The question has to be asked: does he really want to inspire people to blow up pipelines? “The film is a dramatisation of the book,” Goldhaber insists. “The book is calling for action; the movie is not. An explicit call to action isn’t a very effective form of storytelling. The movie wants to leave you with a feeling, a question. If you want the call to action, you should go read the book.”
Isn’t this a paradox? If people watch the film and don’t do anything, hasn’t the film failed? “What I want as a person is different from what I want as a film-maker. Do I think the tactics we’re using to fight climate change need to escalate if we want to have a hope of averting climate apocalypse? One hundred per cent. But as a film-maker, you’re telling a story about a group of characters in a particular way. You’re hoping it’ll shape the culture, which changes a whole lot of behaviour over a whole spectrum.”
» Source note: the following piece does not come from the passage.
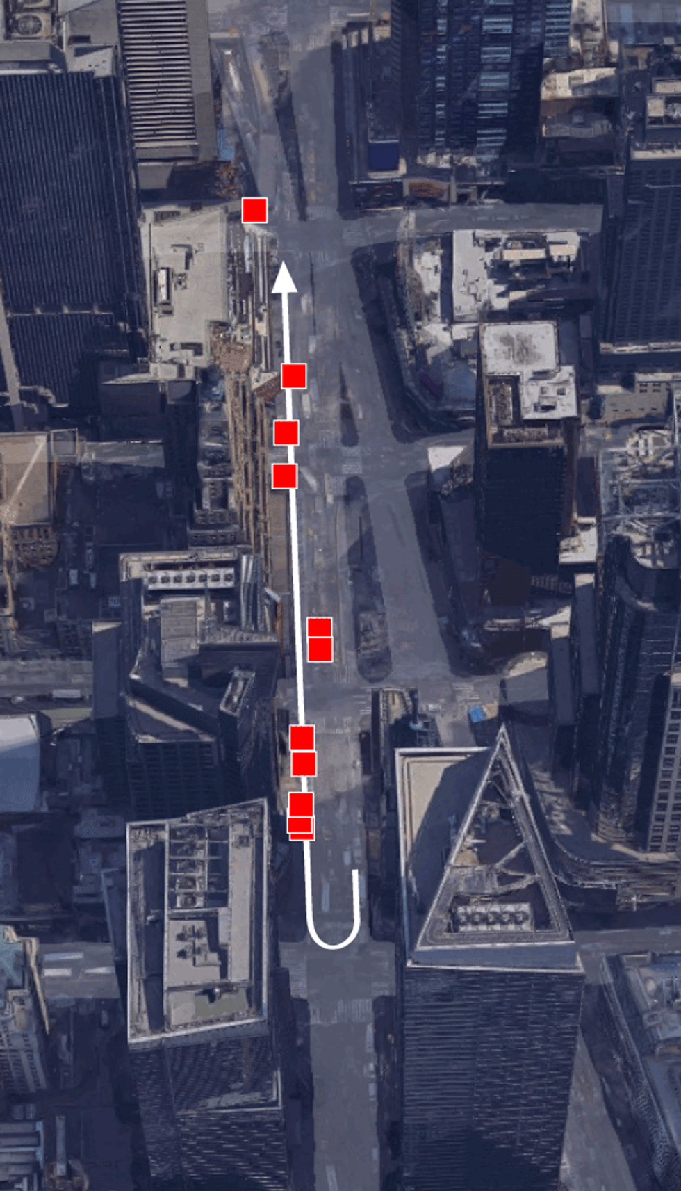 The picture below illustrates the path Rojas took, and the red squares indicate injuries of people who can be found in photos in the New York Times article "One Dead and 22 Injured as Car Rams Into Pedestrians in Times Square."

Goldhaber is from Boulder, Colorado, raised by two left-leaning parents both working in climate science. He went to Harvard, which he did not enjoy: “This is the feeder school to the halls of power. There’s good stuff happening there but, by and large, the culture is one of nepotism and cronyism, and the most overpriced, overprivileged frat clubs imaginable.”
His first professional work was as an editor on an environmental documentary which taught him about the limits of an objective, impartial and more conventional approach. Maintaining objectivity while interviewing people living with the real-world consequences of climate change felt inadequate, given the scale of the problem. His first film, Cam (2018), used Kafkaesque horror to explore the world of the online sex industry. With that, the idea of employing genre cinema to make a point grew on him. “I’m incapable of making work that doesn’t engage me politically,” he says.
The director and his young and largely unknown cast shot How to Blow Up a Pipeline for less than $5mn in the space of a couple of months. “This is a movie about a youthful impulsive act, so let’s make it youthfully and impulsively.”
Goldhaber is strikingly energetic and optimistic. He is no doom merchant. In fact, talking about the resilience of the cinematic experience, he sounds like a young Spielberg: “There is something that is ineffably important about being in a room with 30 people and experiencing something as a collective and walking out and being changed together,” he enthuses.
However, for all the talk of radicalism, he admits that his life could do with some stability. “I don’t have an apartment or an address, and I’ve never had a stable income. I’ve never signed a lease in my life. So I’d like to try to build a little bit of structure for myself.” His next project is already in the works: a film inspired by the notorious 1978 “video nasty” Faces of Death. It seems like an off-the-wall choice but this is a film-maker who is willing to take risks and you can bet he’ll have a bigger point to prove.